# [WORK TASK]
Copy each line below exactly and leave the pictures out.

# [WORKING DATA]
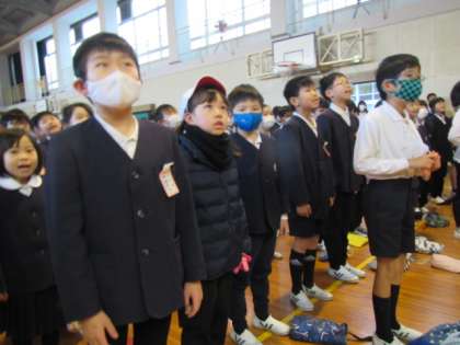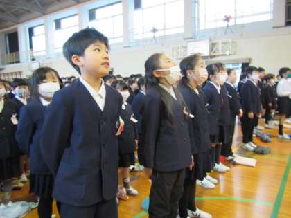 校歌斉唱!3学期は3番をみんなで歌います。「榎の歌に〜」元気いっぱいの歌声を聴かせてくれました♪
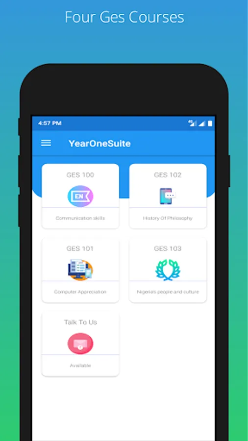 YearOneSuite is an app with four fundamental and general courses offered by the university of port harcourt, the app let's year one students practice and study for their exams, app saves their score so they can keep track of their progress and improve as well. YearOneSuite was developed by team hybrid with the aim to help more year one students succeed in the courses displayed on the app, thus reducing the volume of failure in the courses.
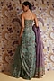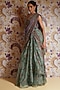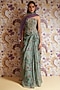Green Silk Organza Floral Printed Draped Skirt Set
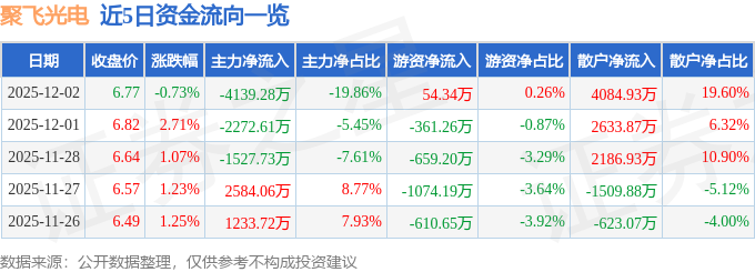 证券之星消息,截至2025年12月2日收盘,聚飞光电(300303)报收于6.77元,下跌0.73%,换手率2.32%,成交量30.81万手,成交额2.08亿元。
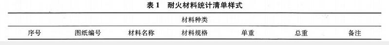 設(shè)計(jì)方在完成熔窯設(shè)計(jì)之后要進(jìn)行材料統(tǒng)計(jì)清單的制作。材料統(tǒng)計(jì)清單直接影響到材料的訂貨、包裝、倉(cāng)儲(chǔ)以及出庫(kù),是建設(shè)方用于熔窯材料招標(biāo)和材料供應(yīng)方用于材料生產(chǎn)、包裝的依據(jù)。耐火材料統(tǒng)計(jì)清單樣式應(yīng)當(dāng)包含材料種類、圖紙編號(hào)、材料名稱、材料規(guī)格、單重、總重等類別(如表1),這樣的清單能夠較為方便地讓建設(shè)方、材料供應(yīng)方、施工方根據(jù)圖紙中的尺寸合適材料的規(guī)格、單重、總重是否正確。
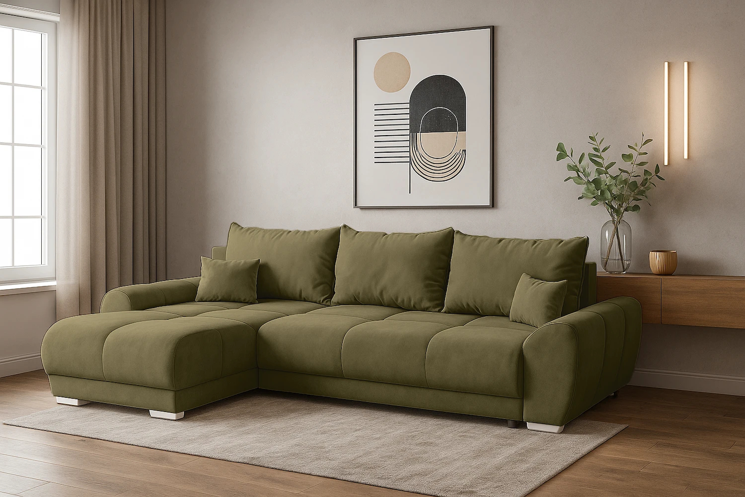 Rohová rozkládací sedačka EDGAR - olivová Rohová pohovka EDGAR – moderní pohodlí a styl Rohová pohovka EDGAR je elegantní a funkční kus nábytku, který se bude perfektně hodit do moderního interiéru. Čalouněná mimořádně odolnou a voděodolnou látkou Monolith kombinuje estetiku s praktičností, což zajišťuje snadné čištění a odolnost vůči každodennímu používání. Na výběr je možné zvolit stranu rohové pohovky, což umožňuje její přizpůsobení jakémukoli uspořádání místnosti. Toto řešení činí z EDGARa ideální řešení pro malé i větší obývací pokoje. Pohodlná funkce spaní a praktický úložný prostor Model EDGAR je vybaven funkcí spaní s prostornou plochou o rozměrech 130x220 cm, což z něj činí ideální řešení i pro hosty. Další výhodou je prostorná přihrádka na ložní prádlo, diskrétně skrytá v korpusu nábytku, která usnadňuje udržování pořádku. Pohodlí používání zajišťuje výplň z vlnité pružiny a vysoce kvalitní pěny T-30, které zaručují pohodlí a odolnost proti deformaci. Vkusné prošívání na sedáku a opěradlech dodává rohové pohovce stylový vzhled, který zdůrazňuje její moderní charakter. Solidní zpracování a odolné materiály dělají z rohové pohovky Edgar investici na mnoho let. Je to vynikající volba pro lidi, kteří si cení pohodlí, moderního designu a praktických řešení v jednom. PROVEDENÍ Vysoce kvalitní dřevotříska, sololit a dřevěné prvky Vysoce elastická polyuretanová pěna T-30 Sedáky vyrobené na vlnové pružině Prostorná nádoba na ložní prádlo Funkce spaní - 130x220 cm Volně stojící rohová pohovka - opěradlo čalouněné látkou Nohy stříbrného chromu Možnost volby strany - PRAVÁ/LEVÁ Rohová pohovka pro svépomocnou montáž - srozumitelný návod a potřebné příslušenství součástí balení ROZMĚRY Šířka - 290 cm Délka - 183 cm Výška - 85 cm Hloubka sedáku - 72 cm Výška sedáku - 42 cm Výška nohou - 5 cm Plocha na spaní - 130x220 cm Rozměrová tolerance +/- 3 cm
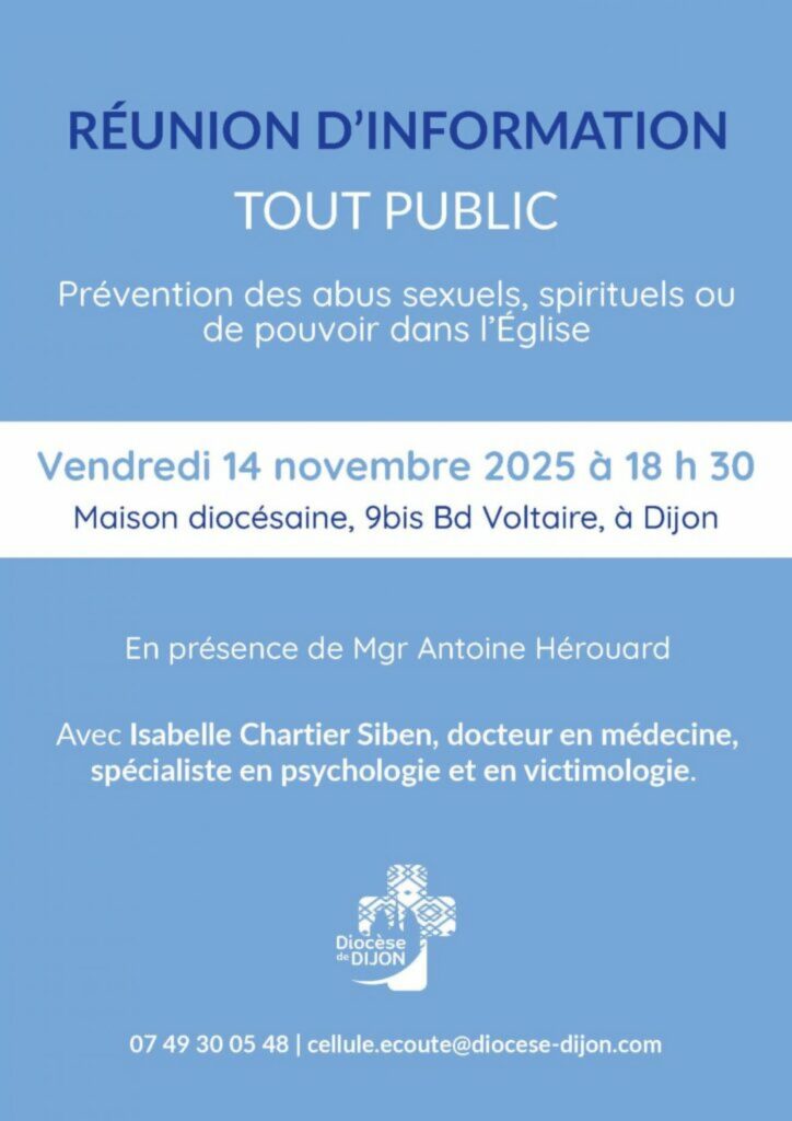 Cette rencontre, intitulée « Faire de l’Église une maison sûre », s’inscrit dans la volonté du diocèse de Dijon de poursuivre le travail de reconnaissance, d’écoute et de reconstruction engagé depuis plusieurs années. Elle offrira un espace d’échange et de réflexion sur la manière de rendre l’Église plus accueillante et sécurisante pour tous.
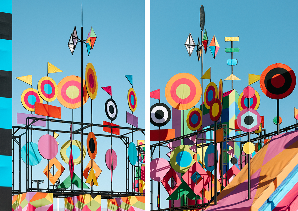 Myerscough emphasizes the natural beauty of the sky as part of the work, framing and lighting the active space to create a fantastical mesmerising environment — a geometric fairytale chock full of familiar shapes and colors that make everybody feel welcome and at ease.
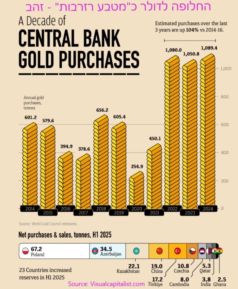 מנתונים באתר visualcapitalist.com עולה כי היקף רכישות הזהב של בנקים מרכזיים צמח מרמה ממוצעת של כ-500 טון בשנים 2014-2021 ליותר ממיליון טון בשנים 2022 – 2024. כלומר קצב הרכישות הוכפל. מבין הרוכשות הגדולות של זהב במחצית הראשונה של 25' ניתן למצוא בעיקר כלכלות מתפתחות כמו פולין (67 טון), אזרביג'אן (34 טון), סין (19 טון) וטורקיה (17 טון).
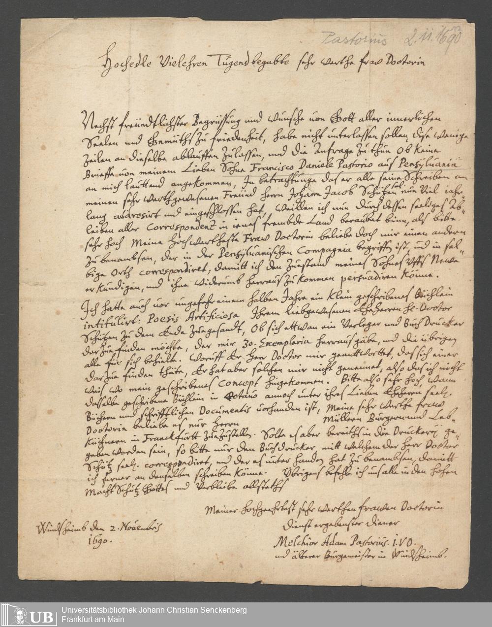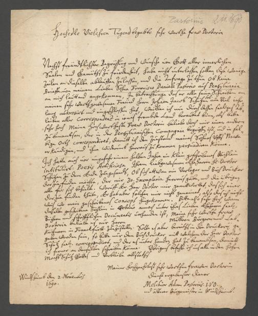 Brief an Doctor Schütz, 31. Dezember 1689
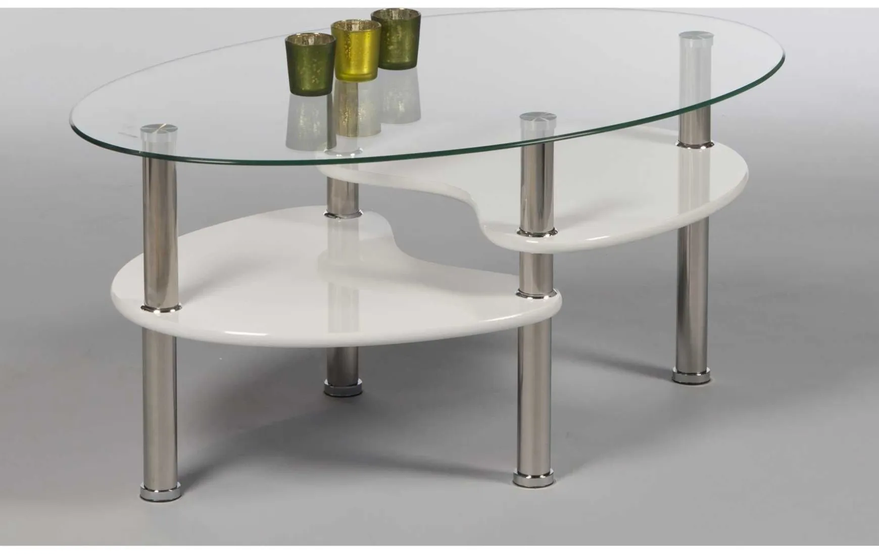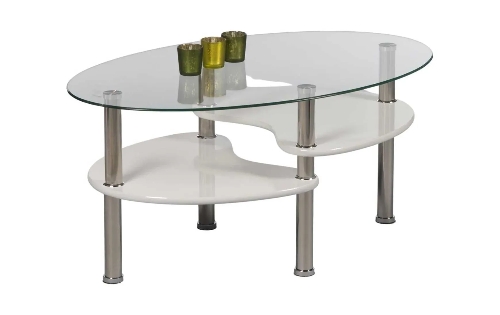 Dieser moderne Couchtisch überzeugt durch sein elegantes und zugleich funktionales Design. Die ovale Klarglas-Tischplatte verleiht dem Tisch eine leichte, zeitgemäße Optik, während zwei zusätzliche Ablageflächen aus weiß lackiertem MDF praktischen Stauraum bieten. Das Gestell aus Edelstahl sorgt für Stabilität und einen edlen Look. Mit Maßen von ca. 90 × 55 × 42 cm (B/T/H) ist der pflegeleichte Couchtisch ideal für moderne Wohnräume und wird zerlegt geliefert.

# [TASK RESULT]
 校歌斉唱!3学期は3番をみんなで歌います。「榎の歌に〜」元気いっぱいの歌声を聴かせてくれました♪
 YearOneSuite is an app with four fundamental and general courses offered by the university of port harcourt, the app let's year one students practice and study for their exams, app saves their score so they can keep track of their progress and improve as well. YearOneSuite was developed by team hybrid with the aim to help more year one students succeed in the courses displayed on the app, thus reducing the volume of failure in the courses.
Green Silk Organza Floral Printed Draped Skirt Set
 证券之星消息,截至2025年12月2日收盘,聚飞光电(300303)报收于6.77元,下跌0.73%,换手率2.32%,成交量30.81万手,成交额2.08亿元。
 設(shè)計(jì)方在完成熔窯設(shè)計(jì)之后要進(jìn)行材料統(tǒng)計(jì)清單的制作。材料統(tǒng)計(jì)清單直接影響到材料的訂貨、包裝、倉(cāng)儲(chǔ)以及出庫(kù),是建設(shè)方用于熔窯材料招標(biāo)和材料供應(yīng)方用于材料生產(chǎn)、包裝的依據(jù)。耐火材料統(tǒng)計(jì)清單樣式應(yīng)當(dāng)包含材料種類、圖紙編號(hào)、材料名稱、材料規(guī)格、單重、總重等類別(如表1),這樣的清單能夠較為方便地讓建設(shè)方、材料供應(yīng)方、施工方根據(jù)圖紙中的尺寸合適材料的規(guī)格、單重、總重是否正確。
 Rohová rozkládací sedačka EDGAR - olivová Rohová pohovka EDGAR – moderní pohodlí a styl Rohová pohovka EDGAR je elegantní a funkční kus nábytku, který se bude perfektně hodit do moderního interiéru. Čalouněná mimořádně odolnou a voděodolnou látkou Monolith kombinuje estetiku s praktičností, což zajišťuje snadné čištění a odolnost vůči každodennímu používání. Na výběr je možné zvolit stranu rohové pohovky, což umožňuje její přizpůsobení jakémukoli uspořádání místnosti. Toto řešení činí z EDGARa ideální řešení pro malé i větší obývací pokoje. Pohodlná funkce spaní a praktický úložný prostor Model EDGAR je vybaven funkcí spaní s prostornou plochou o rozměrech 130x220 cm, což z něj činí ideální řešení i pro hosty. Další výhodou je prostorná přihrádka na ložní prádlo, diskrétně skrytá v korpusu nábytku, která usnadňuje udržování pořádku. Pohodlí používání zajišťuje výplň z vlnité pružiny a vysoce kvalitní pěny T-30, které zaručují pohodlí a odolnost proti deformaci. Vkusné prošívání na sedáku a opěradlech dodává rohové pohovce stylový vzhled, který zdůrazňuje její moderní charakter. Solidní zpracování a odolné materiály dělají z rohové pohovky Edgar investici na mnoho let. Je to vynikající volba pro lidi, kteří si cení pohodlí, moderního designu a praktických řešení v jednom. PROVEDENÍ Vysoce kvalitní dřevotříska, sololit a dřevěné prvky Vysoce elastická polyuretanová pěna T-30 Sedáky vyrobené na vlnové pružině Prostorná nádoba na ložní prádlo Funkce spaní - 130x220 cm Volně stojící rohová pohovka - opěradlo čalouněné látkou Nohy stříbrného chromu Možnost volby strany - PRAVÁ/LEVÁ Rohová pohovka pro svépomocnou montáž - srozumitelný návod a potřebné příslušenství součástí balení ROZMĚRY Šířka - 290 cm Délka - 183 cm Výška - 85 cm Hloubka sedáku - 72 cm Výška sedáku - 42 cm Výška nohou - 5 cm Plocha na spaní - 130x220 cm Rozměrová tolerance +/- 3 cm
 Cette rencontre, intitulée « Faire de l’Église une maison sûre », s’inscrit dans la volonté du diocèse de Dijon de poursuivre le travail de reconnaissance, d’écoute et de reconstruction engagé depuis plusieurs années. Elle offrira un espace d’échange et de réflexion sur la manière de rendre l’Église plus accueillante et sécurisante pour tous.
 Myerscough emphasizes the natural beauty of the sky as part of the work, framing and lighting the active space to create a fantastical mesmerising environment — a geometric fairytale chock full of familiar shapes and colors that make everybody feel welcome and at ease.
 מנתונים באתר visualcapitalist.com עולה כי היקף רכישות הזהב של בנקים מרכזיים צמח מרמה ממוצעת של כ-500 טון בשנים 2014-2021 ליותר ממיליון טון בשנים 2022 – 2024. כלומר קצב הרכישות הוכפל. מבין הרוכשות הגדולות של זהב במחצית הראשונה של 25' ניתן למצוא בעיקר כלכלות מתפתחות כמו פולין (67 טון), אזרביג'אן (34 טון), סין (19 טון) וטורקיה (17 טון).
 Brief an Doctor Schütz, 31. Dezember 1689
 Dieser moderne Couchtisch überzeugt durch sein elegantes und zugleich funktionales Design. Die ovale Klarglas-Tischplatte verleiht dem Tisch eine leichte, zeitgemäße Optik, während zwei zusätzliche Ablageflächen aus weiß lackiertem MDF praktischen Stauraum bieten. Das Gestell aus Edelstahl sorgt für Stabilität und einen edlen Look. Mit Maßen von ca. 90 × 55 × 42 cm (B/T/H) ist der pflegeleichte Couchtisch ideal für moderne Wohnräume und wird zerlegt geliefert.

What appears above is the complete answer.